This is the first in a series of posts I’ll write while in Ireland, which I’ve titled as ‘Miriam In Ireland, 2017’. Not an original series title, but at least you know what you’re in for. I’m not actually in Ireland yet, but the preparation stage is an important one in any holiday, so I thought I’d talk a bit about how that’s going and some of the things I’m looking forward to about the trip, as well as some of the things I’m afraid of.
My suitcase is almost packed now. I hate packing. Even with detailed lists to tick off, I still find it overwhelmingly stressful. I know there’s something I’ll forget — in Cornwall, it was some vital medication, which would be even more problematic in Ireland where I won’t be able to go to the nearest pharmacy and get hold of some emergency supplies. Then there’s the stress of whether or not everything will fit, and whether it’ll be too heavy.

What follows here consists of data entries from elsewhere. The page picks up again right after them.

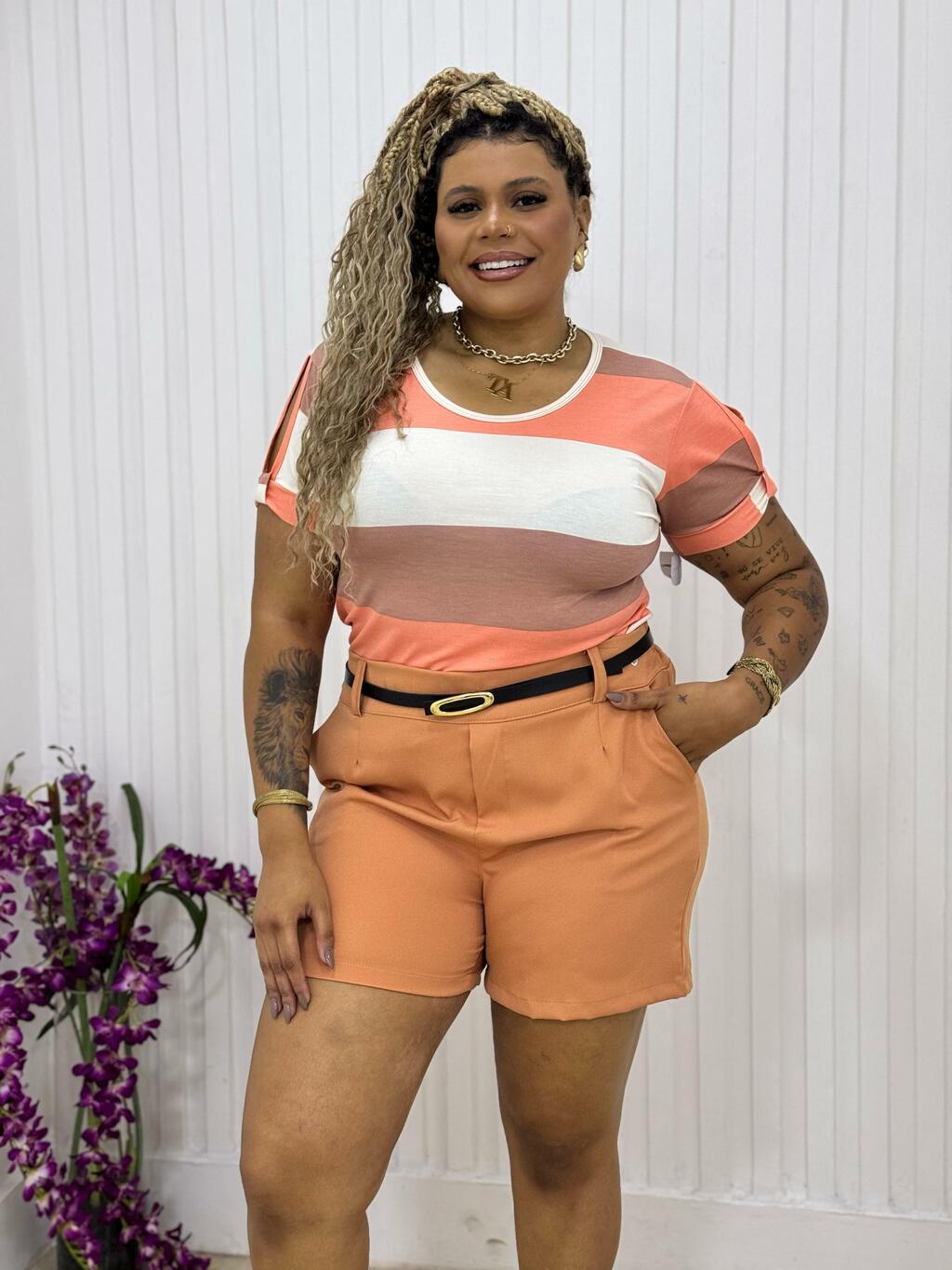 Blusa Viscolycra Plus Estampado Manga Vazada
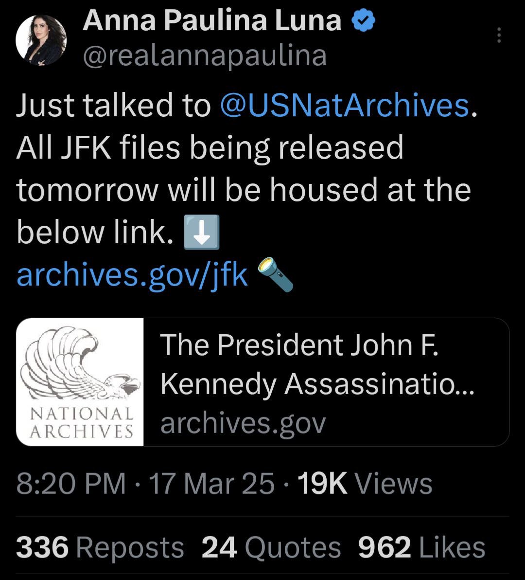 💥Here you go folks, save the link for the release Link to JFK Files 📁 https://www.archives.gov/research/jfk @CaptKylePatriots
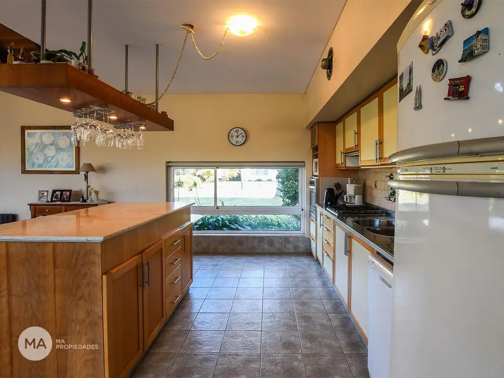 Desarrollada íntegramente en una planta, al ingresar nos recibe un amplísimo espacio de living comedor con cocina integrada. La misma tiene vista al frente y a un generoso jardín con pileta dados los 1.170 m2 que tiene el terreno. Una galería en L recorre todo este ambiente y conforma en parte la cochera cubierta para dos autos.
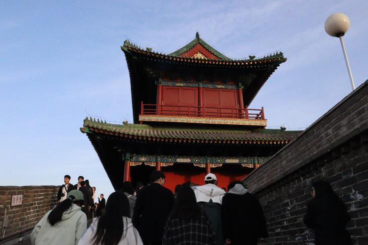 跟随习近平总书记的步伐,同学们来到正定历史古城。登上这座有着1600多年历史的城墙,便可俯瞰古城三塔,城墙上陈列的宣传栏讲述了习近平总书记为发展正定经济的一系列举措。同学们深深感慨,在正定各项事业的建设中,敢为人先的勇气、大刀阔斧的改革都是不可或缺的。

It… sort of is. While well within British Airways luggage limits (only 17kg of 23kg), I still can’t lift my case, mainly because my right shoulder has chosen this week to be a piece of crap, so this is more than a little concerning. Travelling alone means I need to be able to lift the case onto buses and carry it up stairs by myself, and I’m not sure how I’m going to do that. I think this is going to be a trip where I rely substantially on the goodwill of strangers.
It’s not my first trip to Ireland, so I’ve learned from past mistakes: I know to pack for good weather (as it was in 2013) as well as awful weather (as in 2016), and to have a rucksack and raincoat that are actually waterproof. I’m not planning to do any three-hour walks in driving rain this time, but it’s good to be prepared.
To lighten my suitcase as much as possible, I’m not taking any paper books, just my Kindle. So I need to make sure I’ve got all my e-ARCs downloaded before I go, as well as a few other books. Hopefully, it’ll be a productive couple of weeks for reviews.
It’s hard to pack light as a coeliac, of course: in my suitcase I have various tupperware pots containing cereal and lentil pasta, as well as a pack of pitta breads and scotch pancakes. There’ll be more food in my rucksack. It’s not that I think Dublin doesn’t have any coeliacs; more that I’m not sure of my ability to get to a large supermarket under my own steam, without a car, and so I need to make sure I have enough to keep me going until I can track down adequate food.
There are still things to pack. Items of clothing that aren’t fully dry. Medication and technology I’ll be using tonight and tomorrow so can’t pack until I’m finished. Support bandages I need for dance tomorrow night. And I haven’t got my euros yet, because when I went to the Post Office yesterday they’d sold out, something I didn’t know was actually possible.
But it’s mostly done. I’m almost on my way.
I’m excited, because I’ve never been to Dublin before. Having read so much about it, both in terms of the modern-day city and its history, it’ll be exciting to see it in person. I’m planning to visit several museums, which will hopefully give me the chance to see items I’ve heard about in lectures.
I’m scared, because I’ve never been to Dublin before. I have no sense of direction and as far as I can remember, it’s going to be my first time visiting a totally unknown city by myself. I’ve always been with friends or family in the past, and my mapreading skills leave much to be desired. Fortunately, my phone data now works in the EU, so I’ll be able to use Google maps, but I still foresee spending quite a bit of my time panicky and lost.
I’m excited, because I’m going on a course where I’ll get a flying headstart on learning modern Irish, which will hopefully motivate me to continue in my own time. I’ve tried to learn modern Irish in the past and failed to stick with it, but hopefully a week’s intensive course will get me past the boring beginner stages and into learning it properly. The course also involves ‘cultural’ aspects, and I’m psyched to finally get a proper lesson on the tin whistle, because I’m self taught and really not that great at it.
I’m scared, because I have no idea what the course will be like or what the other people will be like. Will I be the youngest there? Will others have tons of Irish experience? Will it be hard on my hands, which have been hurting a lot recently; will I actually be able to participate? Will the accommodation be nice? Will I be able to get hold of enough gluten-free food to keep me going for a week?
I’m excited, because I’m seeing multiple parts of the country in one trip, including a visit to Bru na Boinne to see Newgrange and Knowth. I’m going to places that I want to see, at my own speed and under my own steam.
I’m scared, because this means taking multiple cross-country buses, and I don’t handle travelling well — especially alone and with a heavy suitcase. Not to mention the fact a lot of these buses are the two-a-day, miss-it-and-you’re-screwed type; my anxiety goes through the roof with that kind of thing. Plus, I’m worried that pain or anxiety will prevent me from enjoying the things that I’m so looking forward to.
I’m excited, because travelling alone is supposed to be a great way to ‘find yourself’, or at least to find ideas, which I’m short of these days.
I’m scared, because travelling alone means relying on my body and brain, neither of which work brilliantly well and which might leave me in the lurch at any moment.
I’m excited. I’m scared. And I really, really hate packing.